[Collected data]
++++++++++++++++++++

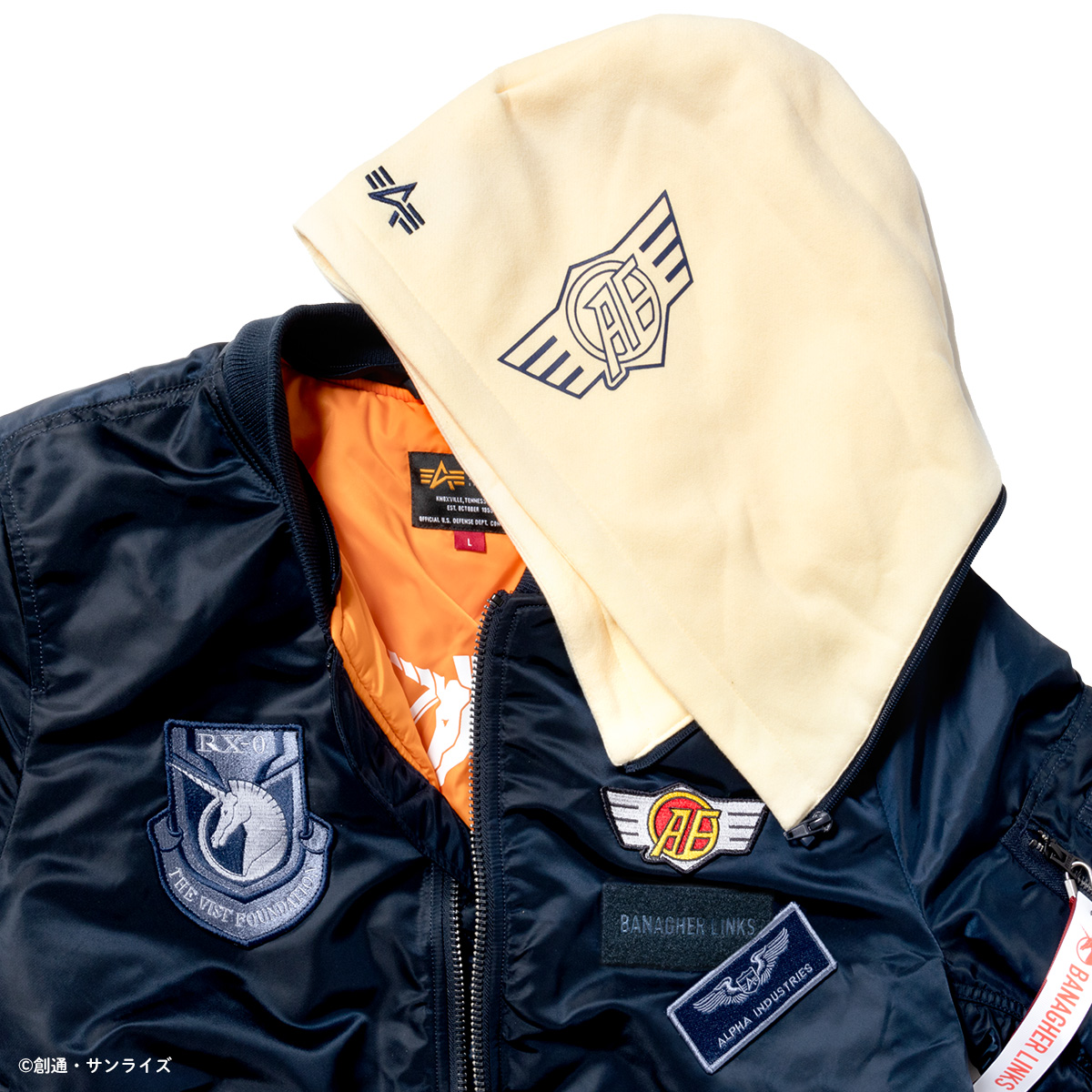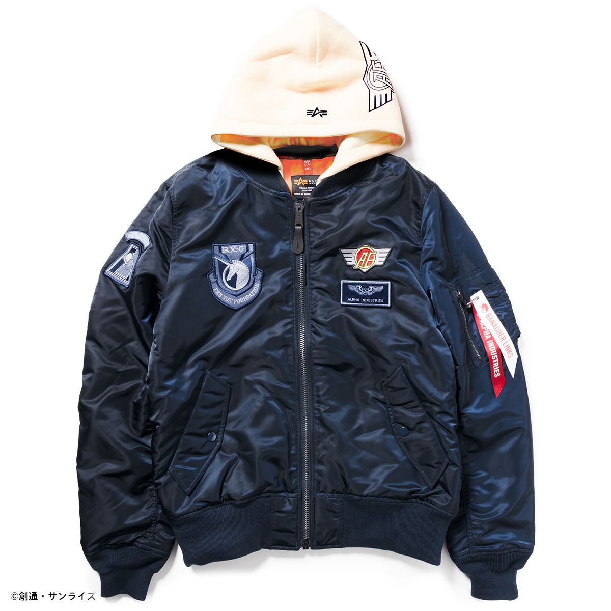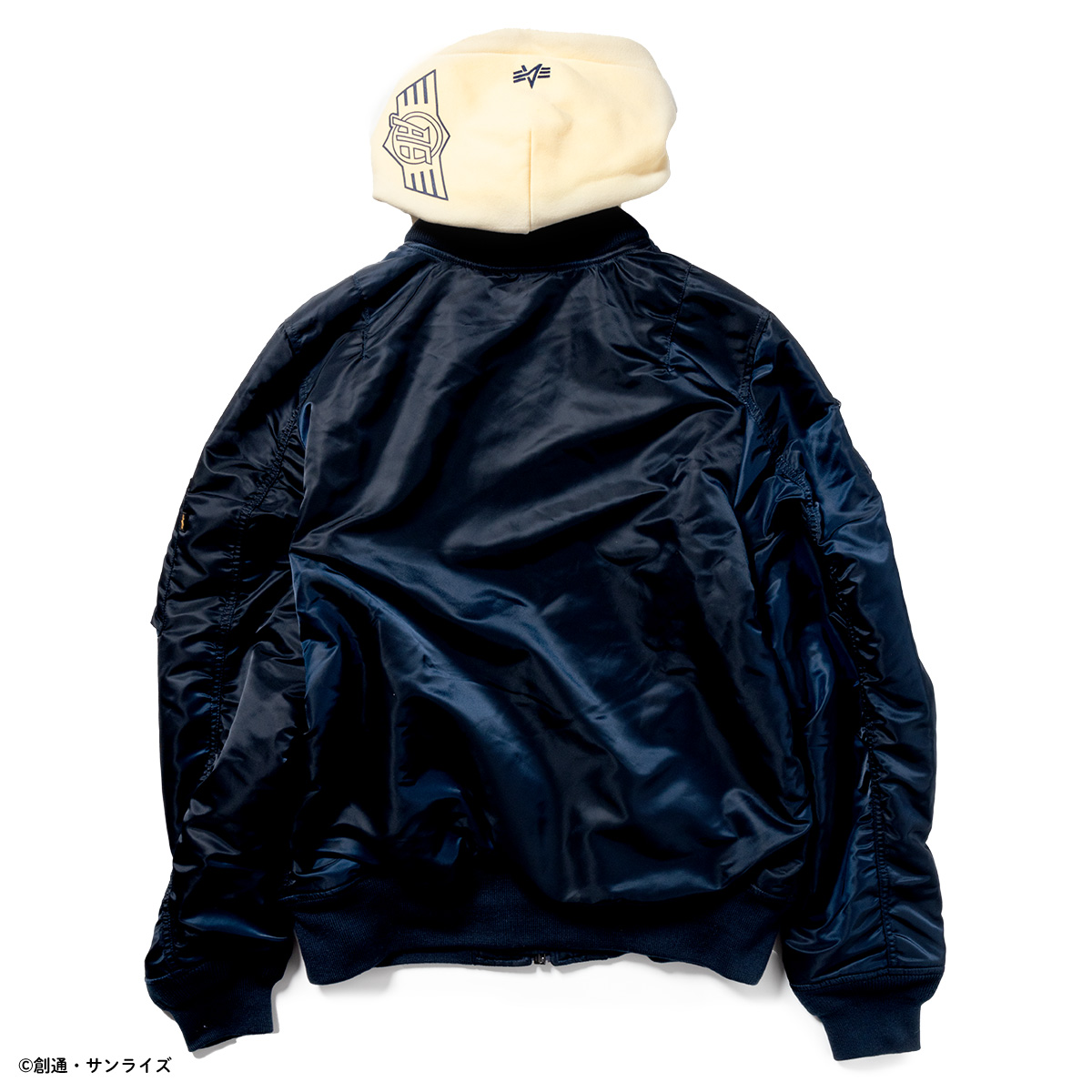 整件外套以深藍色為基礎,MA-1 NATUS 款最大的特色就是附有可拆卸的連帽設計,加上胸前與右手臂的主題布章配置,連帽上也配有亞納海姆的圖騰。
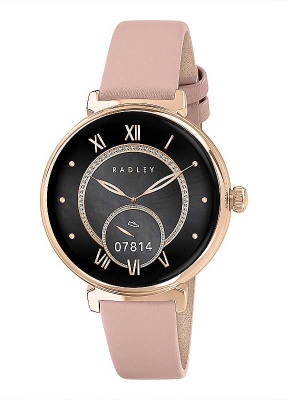 The Radley Series 48 AMOLED smart offers an amazing collection of bright high-definition dials on a 1.04 ins AMOLED display. The innovative Always-On display keeps your dial visible without a touch or tilt and the Dual-Time feature shows the time home and away, to ensure you always stay in sync while traveling.Personalise your watch with interchangeable dials or customise by using your own photo.Additionally, for your peace of mind, the watch includes an SOS feature that allows you to quickly sound an alarm and notify your emergency contact if you ever find yourself in need of help.On-wrist calling, messages, and social notifications keep you effortlessly connected without having to reach for your phone.The Series 48 offers a range of lifestyle and wellness features that include step counting, 100+ diverse sports modes, heart rate monitor, blood oxygen level tracking, cycle tracking, sleep analysis and much more. To explore the full range of Radley Series 48 features download the Radley app, compatible with Android 9.0+ and iOS 12+. IP68 water resistant. | pink digital watch, round dial smart watch, pink sports watch, rose gold smart watch, dual clock watch
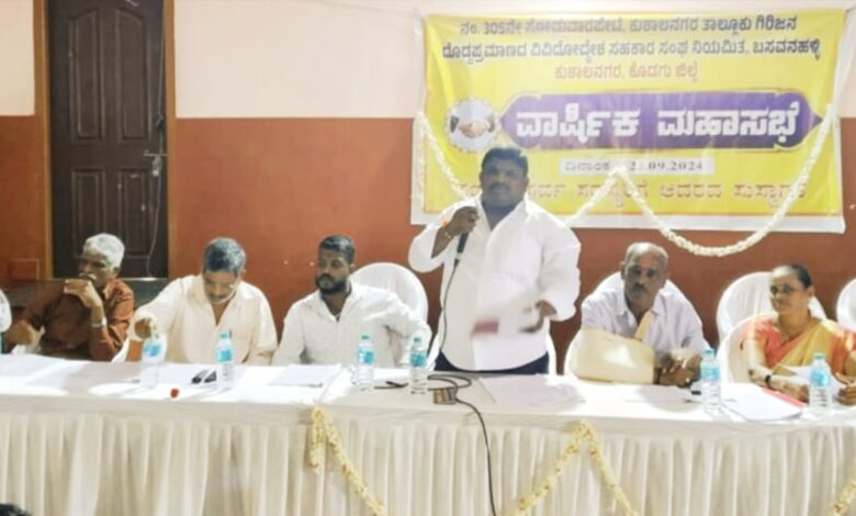 ಕುಶಾಲನಗರ, ಸೆ 23: ಬಸವನಹಳ್ಳಿಯಲ್ಲಿರುವ ಕುಶಾಲನಗರ ಹಾಗೂ ಸೋಮವಾರಪೇಟೆ ತಾಲ್ಲೂಕು ಗಿರಿಜನ ದೊಡ್ಡಪ್ರಮಾಣದ ವಿವಿಧೋದ್ದೇಶ ಸಹಕಾರ ಸಂಘದ ವಾರ್ಷಿಕ ಮಹಾಸಭೆ ಸಂಘದ ಅಧ್ಯಕ್ಷ ಎಸ್.ಆರ್.ಅರುಣರಾವ್ ಅಧ್ಯಕ್ಷತೆಯಲ್ಲಿ ಸೋಮವಾರ ಜರುಗಿತು.
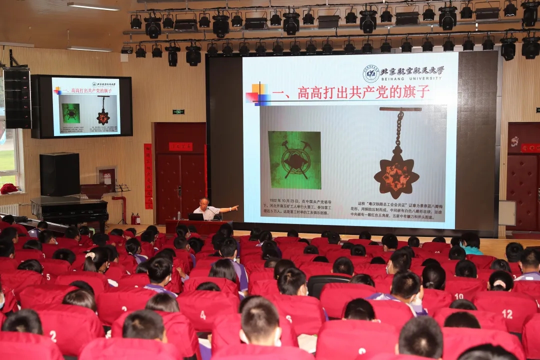 5月27日上午,刚刚参加完北航365英国上市公司教职工嘉年华活动开幕式的北航老教授报告团成员郑彦良教授,去食堂提前简单吃了点午餐之后,便风尘仆仆地乘坐地铁赶往通州区,应通州区科协之邀,为北理工通州附中初二年级375名师生做“不忘初心:党旗诞生的苦难与辉煌”讲座。郑彦良教授谢绝了校方车接车送的盛情,坚持乘坐地铁赶往通州北关。校方代表特意在地铁站口等待郑老师,直接送他来到学校的大阶梯教室。
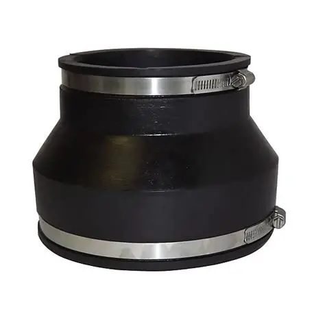 One end fits clay pipes, the other plastic pipes, allowing different materials to join securely.
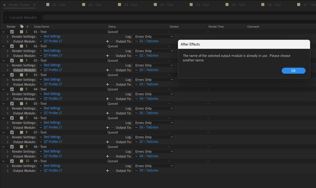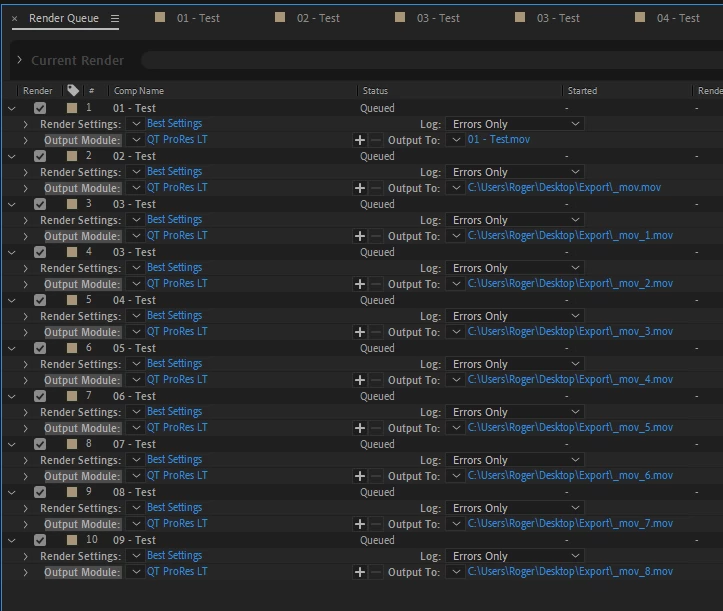 But, for some reason the rest are named "_mov.mov", "_mov_1.mov", "_mov_2.mov", etc, etc. You can see it on the screen dump and you can also see the name of the Comps. If i hit Enter to start the render the files are indeed named "_mov.mov", "_mov_1.mov", "_mov_2.mov", etc, etc and thats useless.
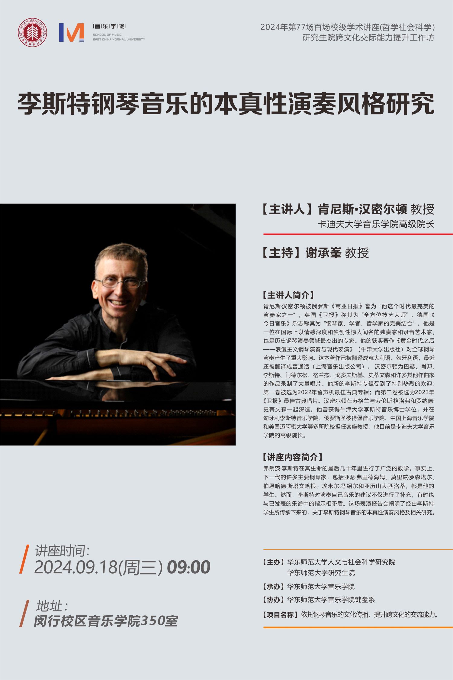 9月18日讲座预告 | 肯尼斯·汉密尔顿:《李斯特钢琴音乐的本真性演奏风格研究》
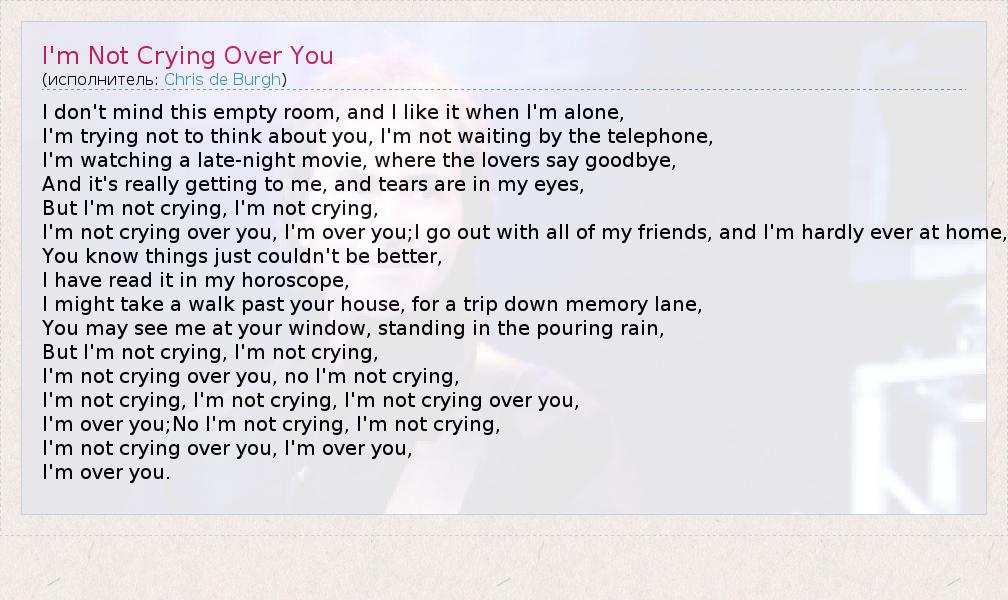 I'm over you;No I'm not crying, I'm not crying,
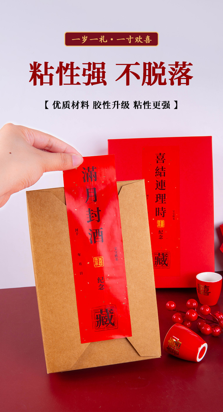 베이비 캐치 위크 소품 봉인 와인 스티커 보름달 백일 오래된 물개 와인 숨겨진 라벨 캐치 주간 연회 기념 씰 스티커
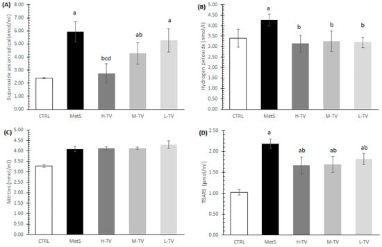 Effects of TVH administration on antioxidant parameters. (A) Superoxide anion radical (O2−), (B) hydrogen peroxide (H2O2); (C) nitrites (NO2−); (D) index of lipid peroxidation (TBARS). CTRL: control group of healthy non-treated rats; MetS: control group of rats with induced metabolic syndrome; H-TV: rats with metabolic syndrome treated with high dose of T. versicolor; M-TV: rats with metabolic syndrome treated with medium dose of T. versicolor; L-TV: rats with metabolic syndrome treated with low dose of T. versicolor. Data are presented as means ± standard deviation. Statistical significance at the level p < 0.05: a compared to CTRL; b compared to MetS; c compared to H-TV group; d compared to M-TV group.
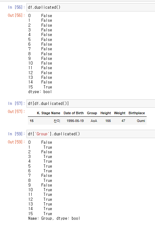 duplicated => Boolean형식의 Series를 내뱉는다. 중복값있는지 확인하는 용도
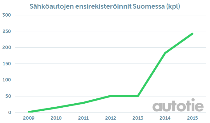 Sen sijaan sähköautojen myynti kasvaa kovaa vauhtia, vaikka onkin kokonaisuudessaan vielä hyvin marginaalisella tasolla. Parhaimmillaan sähköautoja rekisteröidään moninkertainen määrä edelliseen vuoteen verrattuna. Viime vuonna sähköautoja rekisteröitiin ennätykselliset 243 kappaletta, ja nyt alkuvuonnakin rekisteröintejä on ollut 89.
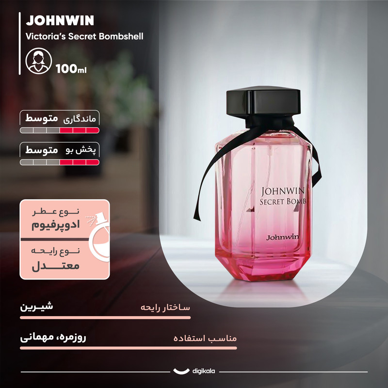 عطر ادکلن زنانه ویکتوریا سکرت بامب شل (Johnwin Victoria Secret Bombshell) با رایحهای خنک و شیرین، انتخابی جذاب و متفاوت برای بانوان است. این عطر که در سال 2010 معرفی شد، با ترکیب رایحههای گلی و میوهای، حس طراوت، شادابی و انرژی را به همراه دارد و گزینهای مناسب برای استفاده در روزهای گرم سال محسوب میشود.
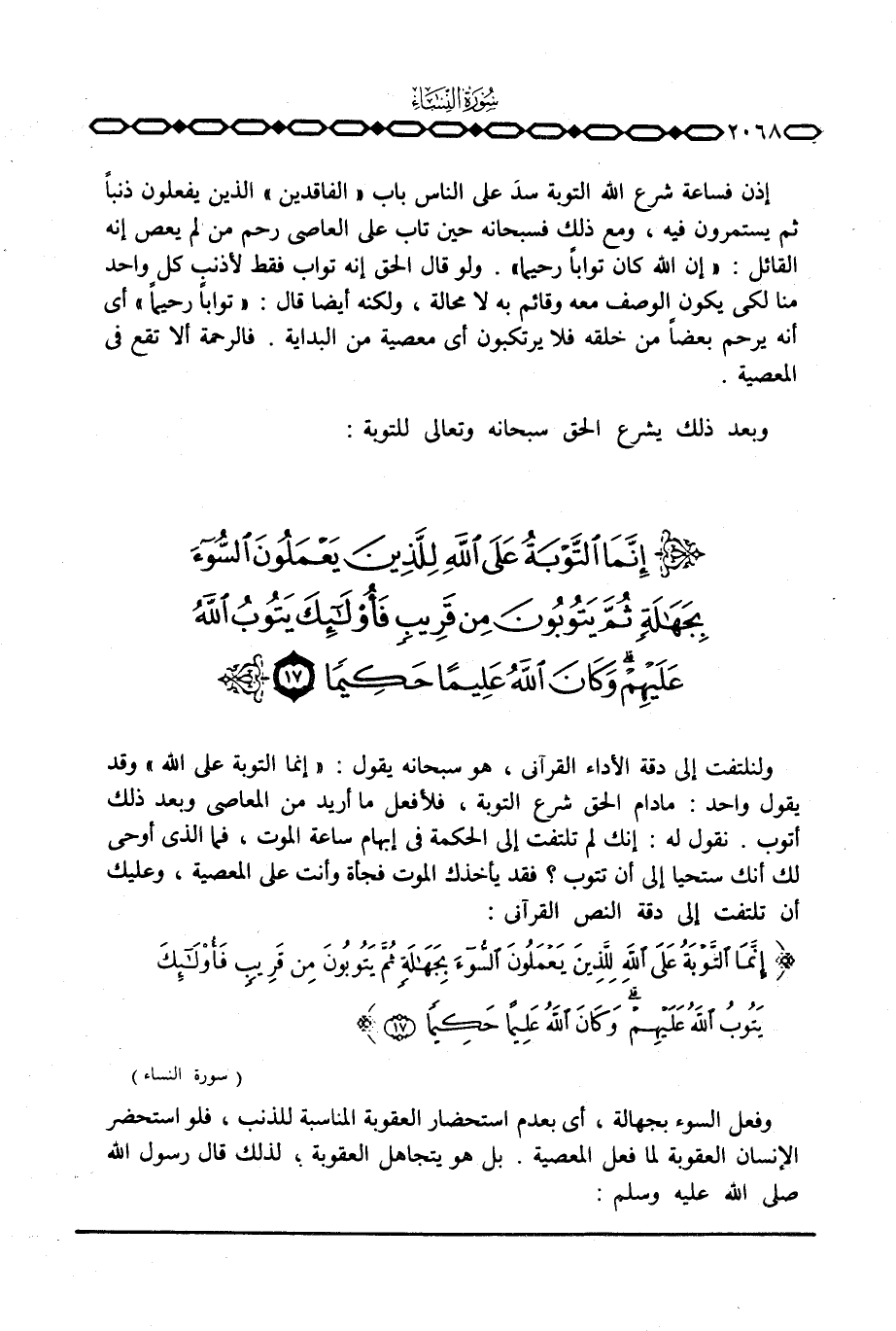 {إِنَّمَا التوبة عَلَى الله لِلَّذِينَ يَعْمَلُونَ السواء بِجَهَالَةٍ ثُمَّ يَتُوبُونَ مِن قَرِيبٍ فأولئك يَتُوبُ الله عَلَيْهِمْ وَكَانَ الله عَلِيماً حَكِيماً} [النساء: 17] .

++++++++++++++++++++

Quote, exactly and only, the lines from the first line of the data above through the line containing "베이비 캐치 위크 소품". The pictures do not belong in it.

 整件外套以深藍色為基礎,MA-1 NATUS 款最大的特色就是附有可拆卸的連帽設計,加上胸前與右手臂的主題布章配置,連帽上也配有亞納海姆的圖騰。
 The Radley Series 48 AMOLED smart offers an amazing collection of bright high-definition dials on a 1.04 ins AMOLED display. The innovative Always-On display keeps your dial visible without a touch or tilt and the Dual-Time feature shows the time home and away, to ensure you always stay in sync while traveling.Personalise your watch with interchangeable dials or customise by using your own photo.Additionally, for your peace of mind, the watch includes an SOS feature that allows you to quickly sound an alarm and notify your emergency contact if you ever find yourself in need of help.On-wrist calling, messages, and social notifications keep you effortlessly connected without having to reach for your phone.The Series 48 offers a range of lifestyle and wellness features that include step counting, 100+ diverse sports modes, heart rate monitor, blood oxygen level tracking, cycle tracking, sleep analysis and much more. To explore the full range of Radley Series 48 features download the Radley app, compatible with Android 9.0+ and iOS 12+. IP68 water resistant. | pink digital watch, round dial smart watch, pink sports watch, rose gold smart watch, dual clock watch
 ಕುಶಾಲನಗರ, ಸೆ 23: ಬಸವನಹಳ್ಳಿಯಲ್ಲಿರುವ ಕುಶಾಲನಗರ ಹಾಗೂ ಸೋಮವಾರಪೇಟೆ ತಾಲ್ಲೂಕು ಗಿರಿಜನ ದೊಡ್ಡಪ್ರಮಾಣದ ವಿವಿಧೋದ್ದೇಶ ಸಹಕಾರ ಸಂಘದ ವಾರ್ಷಿಕ ಮಹಾಸಭೆ ಸಂಘದ ಅಧ್ಯಕ್ಷ ಎಸ್.ಆರ್.ಅರುಣರಾವ್ ಅಧ್ಯಕ್ಷತೆಯಲ್ಲಿ ಸೋಮವಾರ ಜರುಗಿತು.
 5月27日上午,刚刚参加完北航365英国上市公司教职工嘉年华活动开幕式的北航老教授报告团成员郑彦良教授,去食堂提前简单吃了点午餐之后,便风尘仆仆地乘坐地铁赶往通州区,应通州区科协之邀,为北理工通州附中初二年级375名师生做“不忘初心:党旗诞生的苦难与辉煌”讲座。郑彦良教授谢绝了校方车接车送的盛情,坚持乘坐地铁赶往通州北关。校方代表特意在地铁站口等待郑老师,直接送他来到学校的大阶梯教室。
 One end fits clay pipes, the other plastic pipes, allowing different materials to join securely.
 But, for some reason the rest are named "_mov.mov", "_mov_1.mov", "_mov_2.mov", etc, etc. You can see it on the screen dump and you can also see the name of the Comps. If i hit Enter to start the render the files are indeed named "_mov.mov", "_mov_1.mov", "_mov_2.mov", etc, etc and thats useless.
 9月18日讲座预告 | 肯尼斯·汉密尔顿:《李斯特钢琴音乐的本真性演奏风格研究》
 I'm over you;No I'm not crying, I'm not crying,
 베이비 캐치 위크 소품 봉인 와인 스티커 보름달 백일 오래된 물개 와인 숨겨진 라벨 캐치 주간 연회 기념 씰 스티커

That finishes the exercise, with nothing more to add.